In the eighteenth century, many Italian artists produced views of popular tourist destinations to sell as souvenirs to travelers on the Grand Tour. This drawing by an unknown artist shows the Grotta Grande in the Boboli Gardens of Florence. Visible within the grotto’s chambers are Paris and Helena, sculpted in 1560 by Vincenzo di Rafaello de’ Rossi, and Michelangelo’s ‘slaves’, initially created for the tomb of Pope Julius II and installed at the grotto in 1585.
The Boboli gardens were designed by Bernardo Buontalenti and built between 1583 and 1588. The Medici Duke Cosimo I commissioned the expansive garden to be planted on the sloping landscape behind his Pitti Palace. Buontalenti’s grotto may narrate a scene from Ovid’s metamorphosis; its anthropomorphic figures seem to be in a state of transition between human and stone.

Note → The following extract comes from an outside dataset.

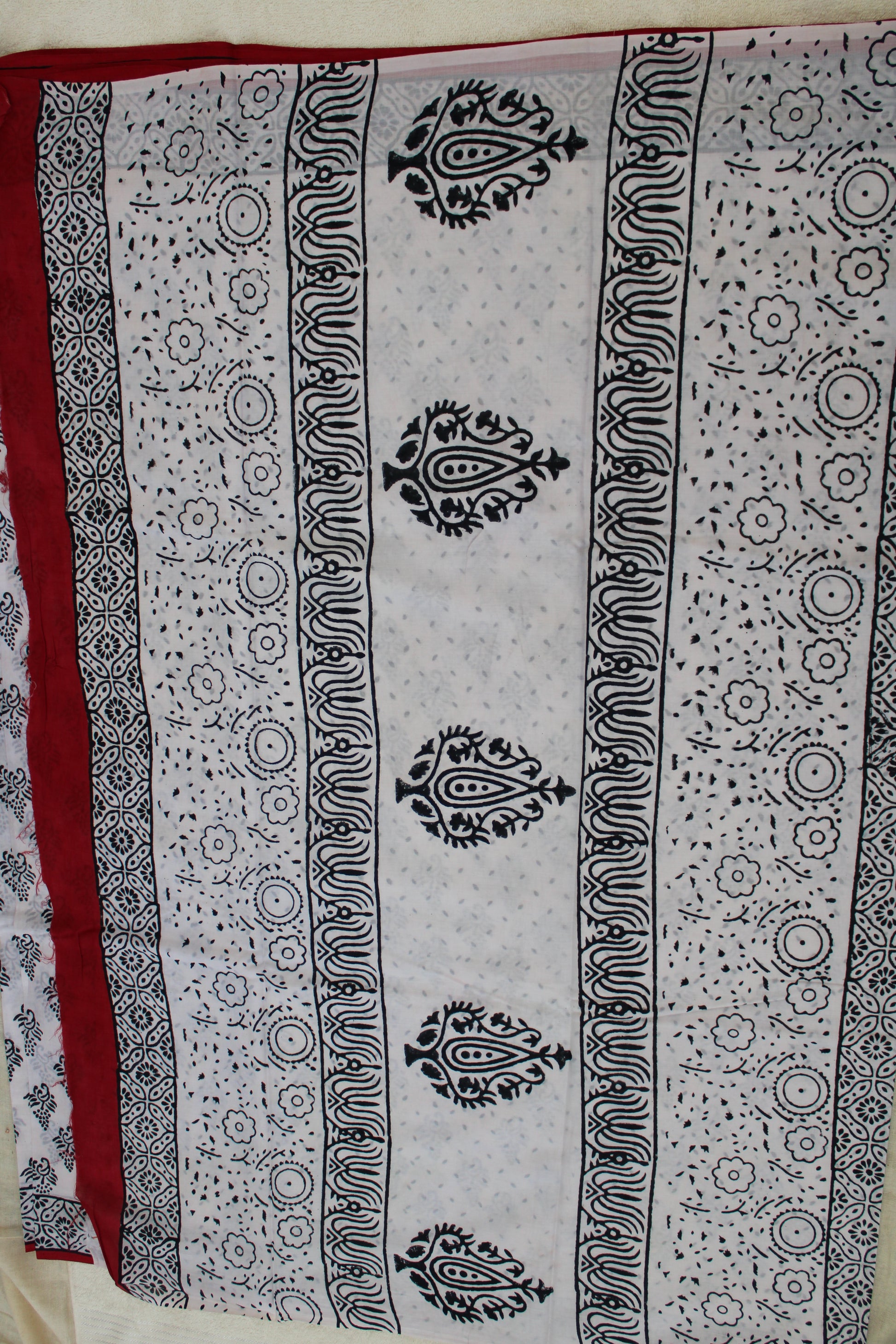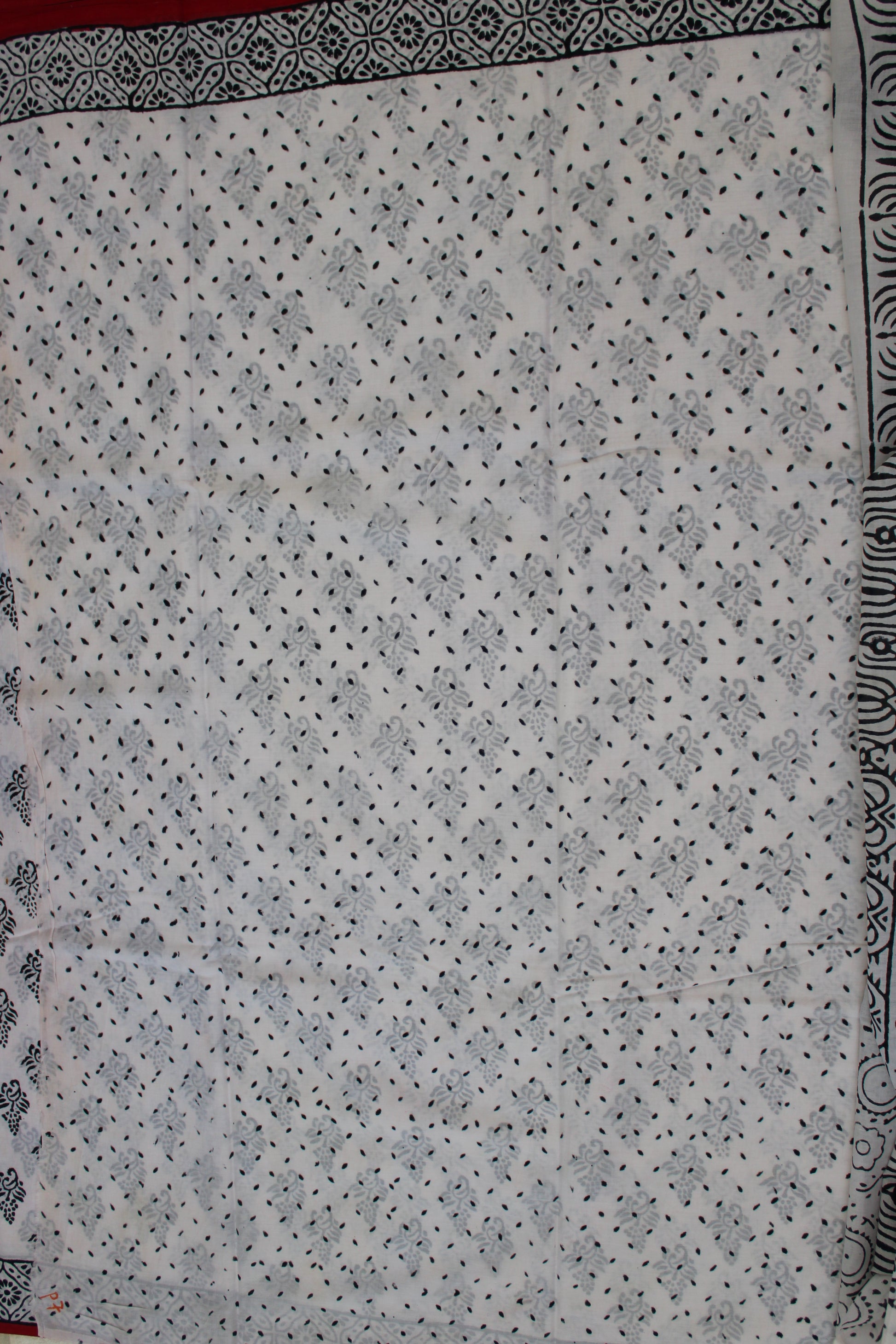 This white hand block printed mul cotton saree features an elegant leaf design, combining traditional craftsmanship with breathable fabric. Ideal for all-day comfort, it is perfect for office or professional wear, offering a refined and sophisticated look while ensuring ease throughout your busy day.
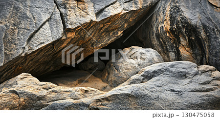 A detailed close up of an ancient fossil embedded in a rugged rock formation, showcasing intricate patterns and textures that hint at its prehistoric origins

Grottoes became a popular element of Italian landscape architecture during the sixteenth century. In this period, collections of exotic or irregularly formed natural materials, such as stalagmites and foreign shells, were arranged in gardens, often embellishing fountains or rocky outcrops. These were fictive environments that blurred the delineation between art and nature. This practice coincided with the production of scientific literature dedicated to stones, botany and the natural world.
Rebekah Pollock is a design historian specializing in eighteenth-century print culture and European ceramics. She has a Masters in the History of Decorative Arts and Design from Parsons The New School for Design / Cooper Hewitt, Smithsonian Design Museum, New York.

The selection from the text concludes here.